Last week’s Intel Developer Forum was full of great resources for embedded developers.  The technical sessions offered tons of learning opportunities – if you weren’t able to attend, I recommend browsing the session PDFs. The showroom floor was also packed with cool new products. Here are my top picks:


Digi International’s iDigi Device Cloud – I thought Digi’s machine-to-machine (M2M) demo was the coolest product of the show. This demo lets you control a dollhouse-scale building from a remote Anrdoid phone. In addition to offering remote controls like turning lights on and off, the Android app lets you set up scenarios. For example, you can set an energy budget and receive automatic alarms if the energy use is too high.


M2M wide fix.jpg


I like the demo for two reasons. First, it was a great showcase for the power of M2M. The tiny building was impressively wired—everything from the lights to the door locks to the security cameras was online. Despite the complex setup, monitoring and controlling the building was simple thanks to the intuitive app. It was easy to imagine all the myriad was you could use the app to cut costs, improve security, etc.


The demo also showed that setup up an M2M system can be surprisingly easy. The demo was based on the Kontron M2M Smart Services Developer Kit, which runs Wind River Linux 4.1 on an Intel® Atom processor.  The Digi representative at the booth told me that building client software fort the kit was a snap thanks to the robust OS. He could just develop everything on a Linux desktop and simply move the software to the M2M kit when everything was done. Easy as that!


Wind River* Intelligent Device Platform – building on the theme of M2M, Wind River’s new software development environment brings together a full set of tools and ready-to-use components built specifically for M2M. Built on Wind River* Linux*, the platform features M2M middleware from both Wind River and independent software vendors (ISVs). The platform is particularly noteworthy for its rich set of device management tools, such as OMA DM for 3G devices and TR-069 for cable devices like routers and gateways.




In principle, you could assemble all of these components yourself. However, it can be a major challenge to identify the best components, integrate them, and support them over the life of the product. The Wind River platform simplifies these challenges by giving you a pre-integrated, pre-validated package with single-vendor support – and Wind River believes it is the first to offer a package with such a high level of integration. Even better, Wind River plans to release a product with Kontron and Digi in a month that will combine the platform with field-ready hardware and cloud apps.

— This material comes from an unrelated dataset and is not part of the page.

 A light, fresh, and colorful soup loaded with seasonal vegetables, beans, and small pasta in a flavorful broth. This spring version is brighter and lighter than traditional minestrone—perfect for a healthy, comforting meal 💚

The platform is also notable for its compatibility with the Intel® Intelligent Systems Framework, which I covered last week. There were lots of other Intel Intelligent Systems Framework-compatible products at the show, including:



Radisys RMS-220 Network Appliance – in this impressive demo of policy enforcement for mobile networks, Radisys showed that it could do 20-30 Gbs deep packet inspection (DPI) with a mere 50% CPU loading, leaving plenty of headroom for applications processing. I’ve been reading a lot lately about the packet processing on Intel® architecture, so it was great to see this in person. I also learned a number of surprising facts about the RMS-220. As you can see from the photo below, nearly all the major components are field replaceable units (FRUs), including the storage, power supplies, and most of the I/O. Even the fans are right up front – Radisys did a hot swap while I was at the booth to show how easy it is to service the high-availability platform. Plus, the appliance has patent pending thermal management. Add in the short 20” depth and NEBS compliance, and you have a great solution for carrier-grade service.

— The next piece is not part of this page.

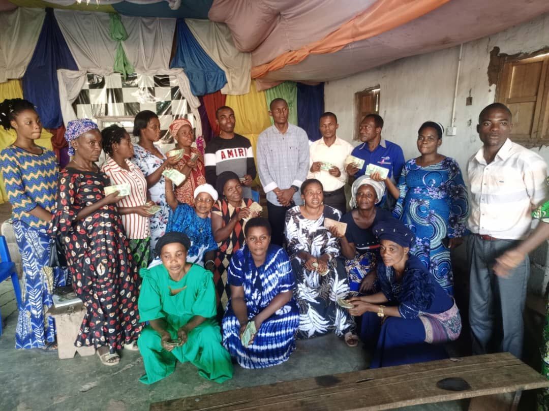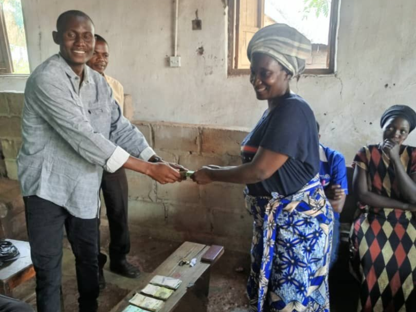 Projektmanager Joseph Mbokani rechts) im Gespräch mit einigen Frauen der Startfinanzierungsgruppe.

Crystal Forest – we’re still waiting for the official announcement, but we got to see a bit more of Intel’s next generation communications platform, codenamed Crystal Forest. My top pick was the SSL acceleration demo. This demo showed how adding a single “Cave Creek” accelerator to an off off-the-shelf server dropped CPU loading from 70% to 20% for a 15 Gbps load.

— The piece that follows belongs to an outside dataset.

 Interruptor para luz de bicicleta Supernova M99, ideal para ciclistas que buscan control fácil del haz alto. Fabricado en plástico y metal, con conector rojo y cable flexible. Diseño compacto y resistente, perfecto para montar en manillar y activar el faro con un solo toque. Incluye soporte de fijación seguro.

The Crystal Forest platform couples Intel® architecture processors with a new Cave Creek accelerator. You can also use Cave Creek separately as a PCI* Express (PCIe) accelerator to upgrade existing platforms, as was done in this demo. Intel also had a quad-Cave Creek PCIe board on hand that was said to reduce CPU loading to essentially zero for 15 Gbps SSL encryption.


There were plenty of other Crystal Forest preview products on hand, including two ATCA blades from Emerson. I am working on an article that will reveal the details of these products and explore the details of the Crystal Forest platform. To be the first to receive these details, subscribe to the Embedded Innovator.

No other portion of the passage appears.